What is a pluricentric language?

“A pluricentric language is a language that is used in at least two nations where it has an official status as state language, co-state language, or re­gional language with its own (codified) norms that usually contribute to the national/personal identity, making the nation a norm-setting centre by the deliberate use of the norms native to this specific nation.”

– Muhr, 2016: 16

Criteria for Pluricentricity

At least one of the following six criteria must be met to constitute a pluricentric language. Full pluricentricity is achieved if all criteria are fulfilled. However, if criteria (1) is fulfilled, this constitutes formal pluricentricity. Most pluricentric languages only fulfill some criteria, as their pluricentricity is still developing.

The following list is based on Clyne (1992: 1), Muhr (2012: 30) and Muhr (2016: 16).

  1. Occurrence:

    A certain language occurs in at least two nations that function as “interacting centres”. The national varieties function as norm-setting centres.

  2. Official Status or strong ethnolinguistic awareness:

    (2.1) The language has an official status in at least 2 nations either as
    (a) state-language or (e.g. German in Austria and Germany);
    (b) co-state language (e.g. German, French and Italian in Switzerland) or at least as
    (c) a regional language (e.g. German in Italy: South Tyrol, Catalan in France: etc.).
    The language therefore must have official recognition that exceeds the status of a minority language, as it otherwise cannot function as a norm-setting centre.

    (2.2) In nations where the national variety of a PCL does not have the appropriate formal status (criteria a-c above), strong linguistic awareness of the language community acts as a replacement for the acknowledgement and the official status. Examples for this are Western Armenian, Hungarian in Slovakia, Romania, Serbia etc. and PCLs like Kurdish and Yiddish that are completely or partly nationless.

  3. Linguistic distance (Abstand):

    The national varieties must have enough linguistic (and/or pragmatic) characteristics that distinguish it from other varieties and by that can serve as a symbol for expressing identity and social uniqueness.

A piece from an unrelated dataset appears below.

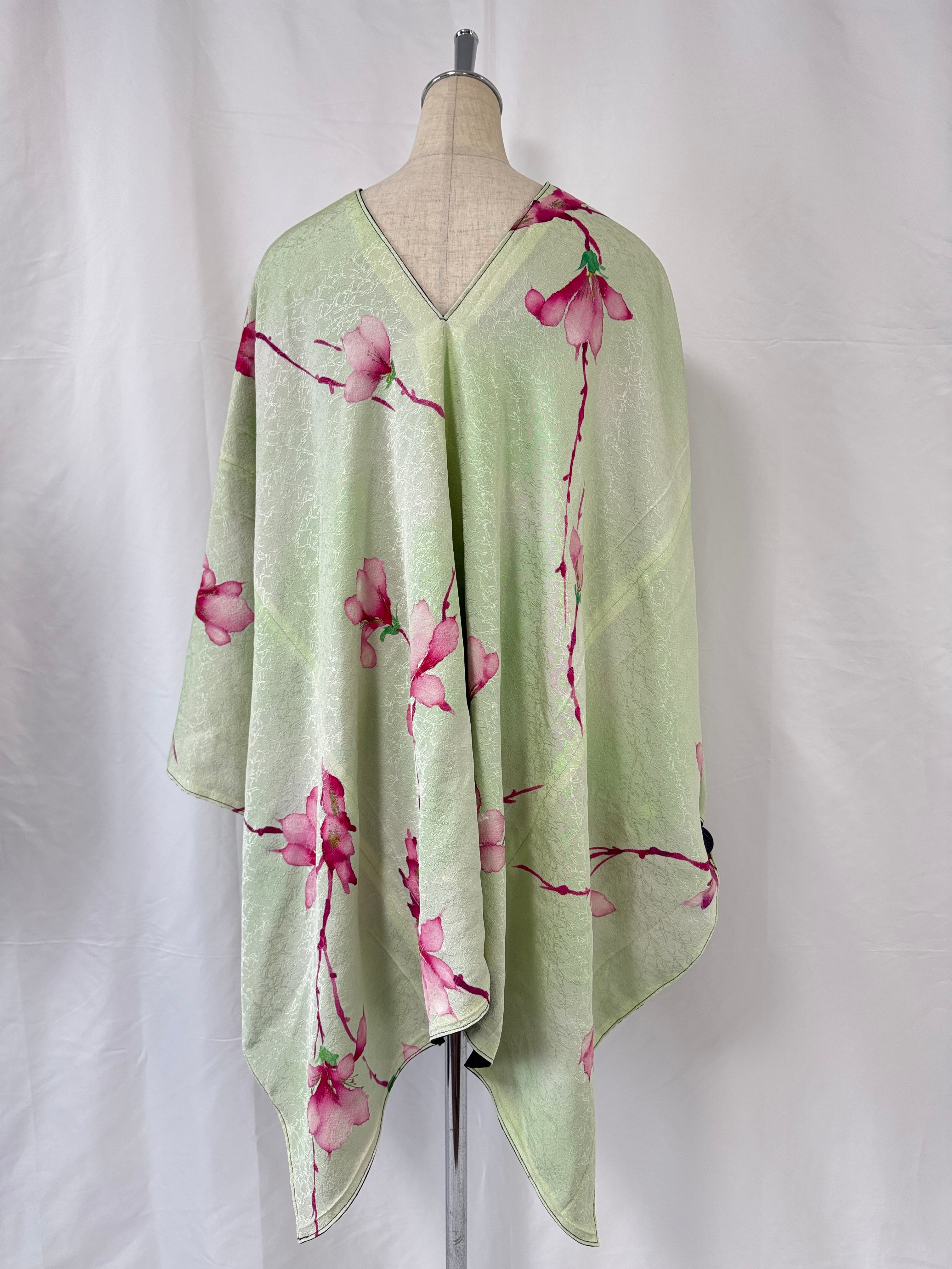 This poncho is an upcycled version of a traditional vintage kimono.

Language planning measures usually increase ausbau of endemic features but can also be used to delimit them (as was the case in Belgian Dutch in the 1950s).

  4. Acceptance of pluricentricity:

    The language community must accept the status of its language as a pluricentric variety and consider it as part of its social / national identity.

  5. Relevance for identity:

    The national norm has to be relevant to social identity and must be (to some degree) evident to the language community and lead “to at least some of its own (codified) norms.”Criterion 6: Codification of norms: The linguistic norms of the national variety must be codified in books of reference to a certain degree in order to achieve certainty about common language use and nation-specific features of the PCL. Criterion (6) is an extension to the criteria listed in Muhr (2012). It seems necessary to add this criterion as non-codification is a serious obstacle for the acknowledgement of a NV.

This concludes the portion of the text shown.